US 11,995,048 B2
Lifelong schema matching
Handong Zhao, San Jose, CA (US); Yikun Xian, Edison, NJ (US); Sungchul Kim, San Jose, CA (US); Tak Yeon Lee, Cupertino, CA (US); Nikhil Belsare, Foster City, CA (US); Shashi Kant Rai, Santa Clara, CA (US); Vasanthi Holtcamp, Fremont, CA (US); Thomas Jacobs, Cupertino, CA (US); Duy-Trung T Dinh, Cupertino, CA (US); and Caroline Jiwon Kim, San Francisco, CA (US)
Assigned to ADOBE INC., San Jose, CA (US)
Filed by ADOBE INC., San Jose, CA (US)
Filed on Sep. 29, 2020, as Appl. No. 17/036,453.
Prior Publication US 2022/0100714 A1, Mar. 31, 2022
Int. Cl. G06F 16/00 (2019.01); G06F 16/21 (2019.01); G06F 18/2115 (2023.01); G06F 18/214 (2023.01); G06F 18/2431 (2023.01); G06N 3/08 (2023.01); G06V 30/262 (2022.01)

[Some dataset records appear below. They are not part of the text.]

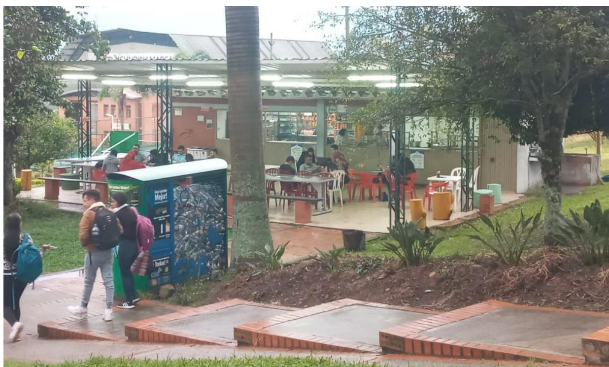
Cafetería de las canchas.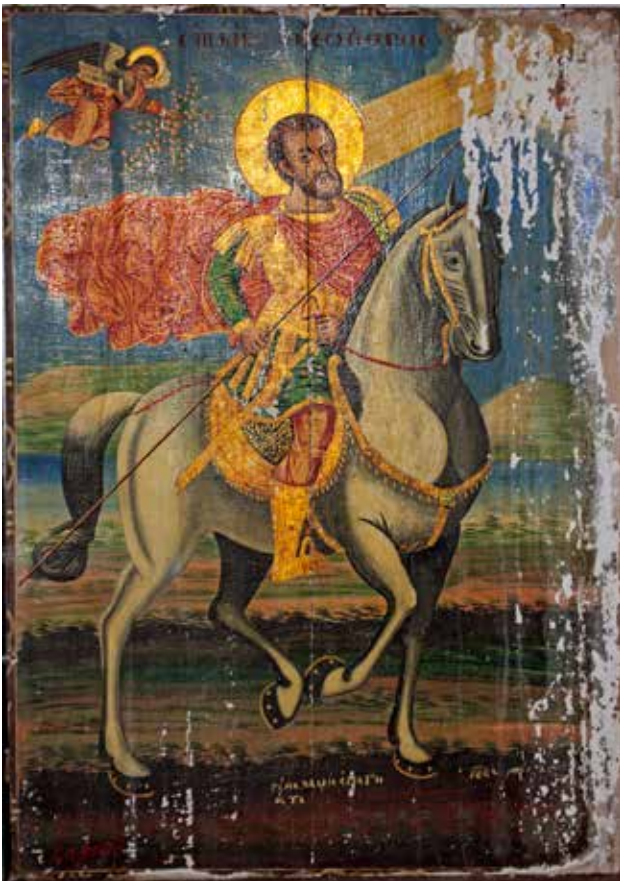
Сл. 23. Св. Теодор, црквата Св. Димитрија во село Богдево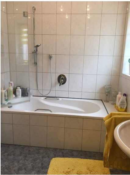
Wanne mit Duschkonfiguration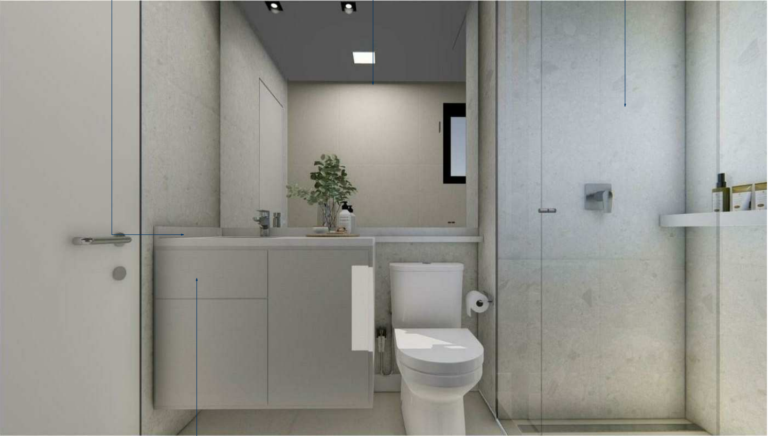
ARMÁRIO BAIXO COM REVESTIMENTO INTERNO EM MDF BRANCO TX E EXTERNO EM MDF 18MM BEIGE - ARAUCO - PORTA DE GIRO COM AMORTECEDOR E GAVETAS COM TRILHO INVISIVEL, PUXADOR CAVA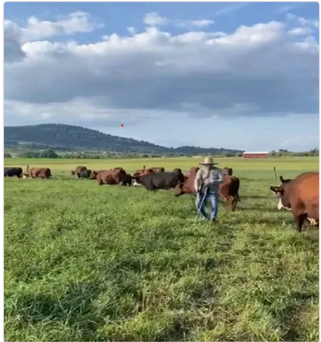
Figura 3. Producción y manejo del predio El Paraiso.

⇒ En la finca se manejan las razas Brahman, Angus y unos cruces con Hereford. Cuenta con cerca eléctrica, con un sistema eficiente de manejo que incluye el uso de pastoreo rotativo, lo que optimiza el uso de forraje y mejora la salud del suelo. Los animales son movidos entre diferentes potreros cada 2 días, según los aforos del forraje, lo cual son 40 animales por cada 800 metros cuadrados, lo que permite que el pasto tenga tiempo suficiente para recuperarse. La finca produce aproximadamente 115 bovinos al año destinados a ceba, con un peso promedio de 450 kg; en la finca realizan baños cada 21 días para el control de ectoparásitos, como la mosca y el nuche. De igual forma, se purgan entre cada 3 y 4 meses para el control de hemoparásitos. En el predio cuentan con sus respectivos medicamentos, sales mineralizadas para su prevención y alimentación de los semovientes.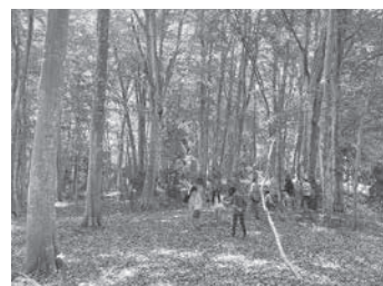
なじよものブナ林

日 時:4月29日(月・祝) 午前9時～11時 体験料:500円 ※友の会会員は半額 対 象:小学1年生～大人 なじよものブナ林を歩きながら自然観察を楽しみましょう。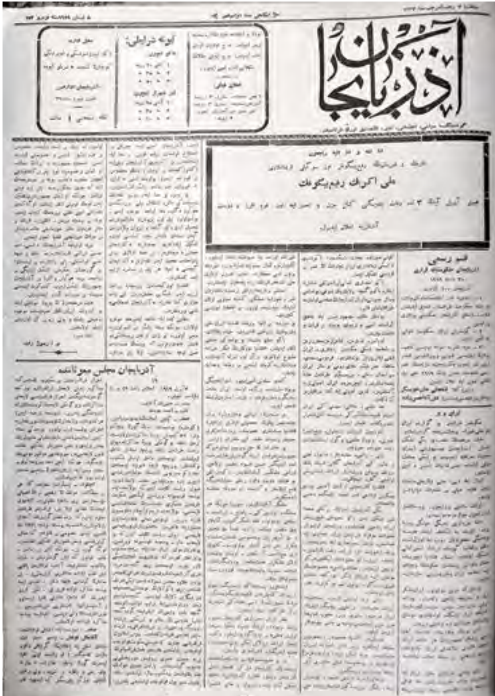
“Azərbaycan” qəzetinin 152-ci nömrəsinin 1-ci səhifəsi

Çərşənbə axşamı, 8 aprel 1919-cu il, nömrə 152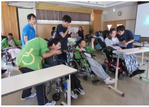
本格的な射的を楽しみました。

楽しい夏祭りが今年もやってきました。今回の祭りは、小さい頃やったことがある人も多いだろう祭りの定番「射撃ゲーム」が目玉です。この日の為に弾が柔らかい素材で安全かつ本物さながらの撃ち応えのあるおもちゃの銃を用意しました。射撃の的にも工夫を凝らし、利用者の好きなキャラクター（演歌歌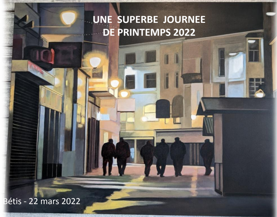
UNE SUPERBE JOURNEE DE PRINTEMPS 2022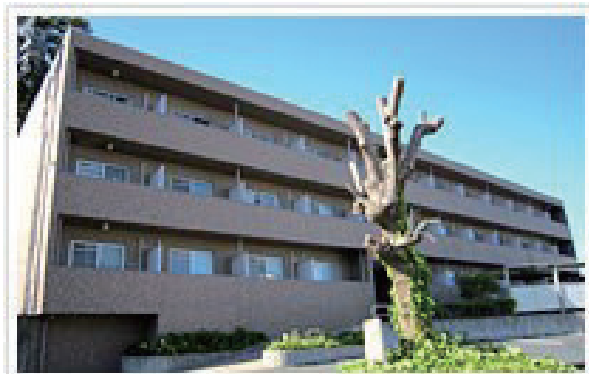
↑ 大学生協オリジナルマンション 棒屋第2下池ハイツ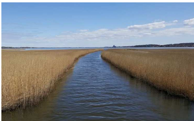
Tuse Å's udløb i Holbæk Fjord.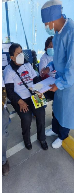
Aquí encuestando al paciente. Antes de ser atendido.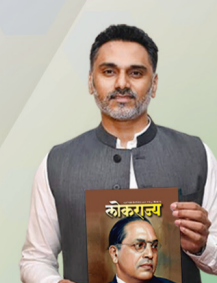
योगेश कदम महसूल राज्यमंत्री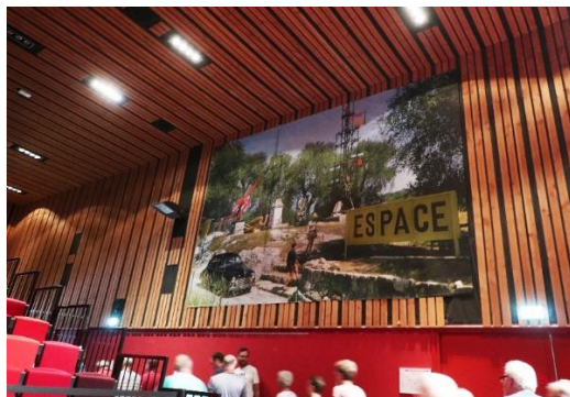
Parvis des Fiz : “Oblique mobile” de Descombin -Affiche Expo Groupe Espace (Biot 1954) Photo Tibislawsky - Moment musical avec le Quintet Vincent Lê Quang ...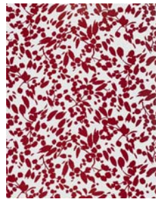
3_ダーン・ファン・ゴールデン 《ヘーレンルックス 1》1993年 Kröller-Müller Museum, Otterlo, The Netherlands, purchased with support of the Board of Fine Arts and Architecture of the Ministry of Culture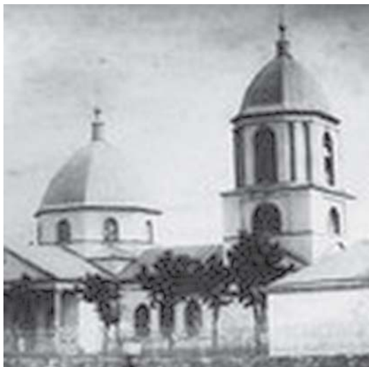
Свято-Миколаївська церква села Барماشове (Засілля) (1912 р.)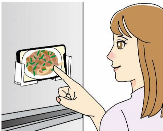
ホルダーは冷蔵庫などに貼りつけ、見やすい位置にセッティングすればOK！

いろんなレシピサイトがあり、テレビ番組の料理コーナーでもHPでレシピを公開している、スマホを見ながら料理をする人も多いのでは？そこで、マグネット式のホルダーを活用すれば、マグネットを使える場所に固定した状態で見ることができま。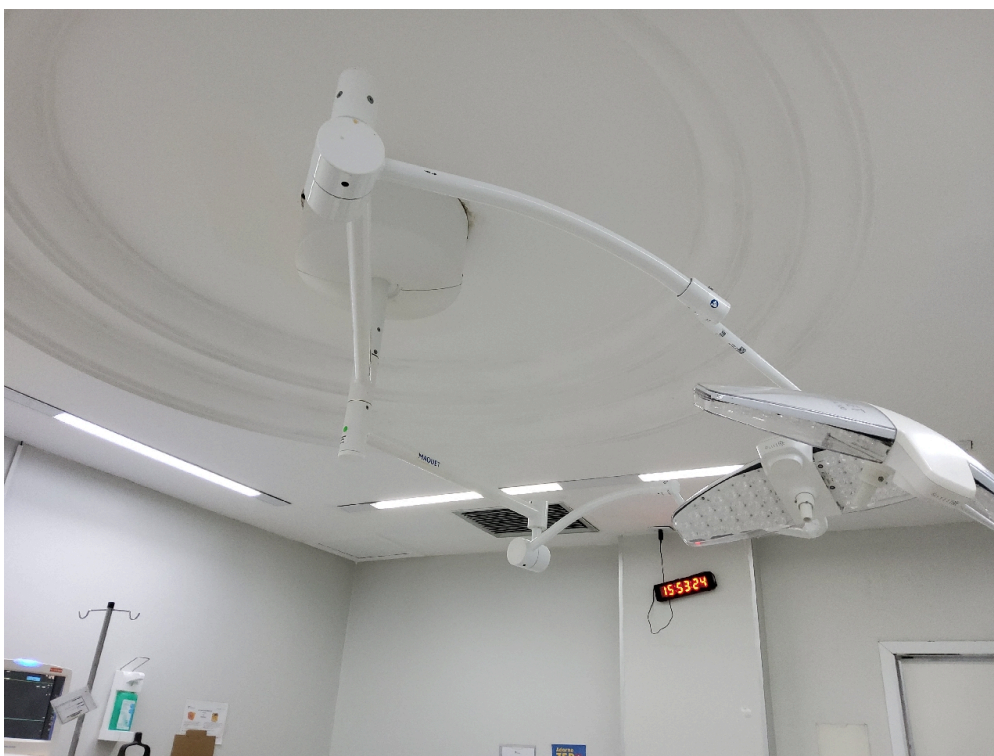
Centro Cirúrgico Obstétrico

CPC G06F 16/213 (2019.01) [G06F 18/2115 (2023.01); G06F 18/2148 (2023.01); G06F 18/2431 (2023.01); G06N 3/08 (2013.01); G06V 30/274 (2022.01)] 18 Claims
OG exemplary drawing
 
1. A method for lifelong schema matching, comprising:
training a neural network classifier based on initial training data comprising a plurality of initial classes;
receiving an additional training set comprising a plurality of additional examples corresponding to an additional class;
embedding each of the plurality of additional examples from the additional training set in an embedding space;
computing a metric indicating how well each of the plurality of additional examples represents the additional class based on the embedding;
selecting a subset of the plurality of additional examples based on the metric;
determining a number of examples for each of a plurality of exemplar training sets corresponding to the plurality of initial classes;
selecting a subset of the initial training data corresponding to each of the plurality of initial classes;
creating the plurality of exemplar training sets based on the determined number of examples, wherein each of the plurality of exemplar training sets includes the subset of the initial training data corresponding to each of the plurality of initial classes, respectively;
retraining the neural network classifier based on the subset of the plurality of additional examples and the plurality of exemplar training sets;
receiving data comprising a plurality of information categories;
classifying each information category according to a schema comprising a plurality of classes, wherein the classification is performed by the neural network classifier trained using the plurality of exemplar training sets; and
adding the data to a database based on the classification, wherein the database is organized according to the schema.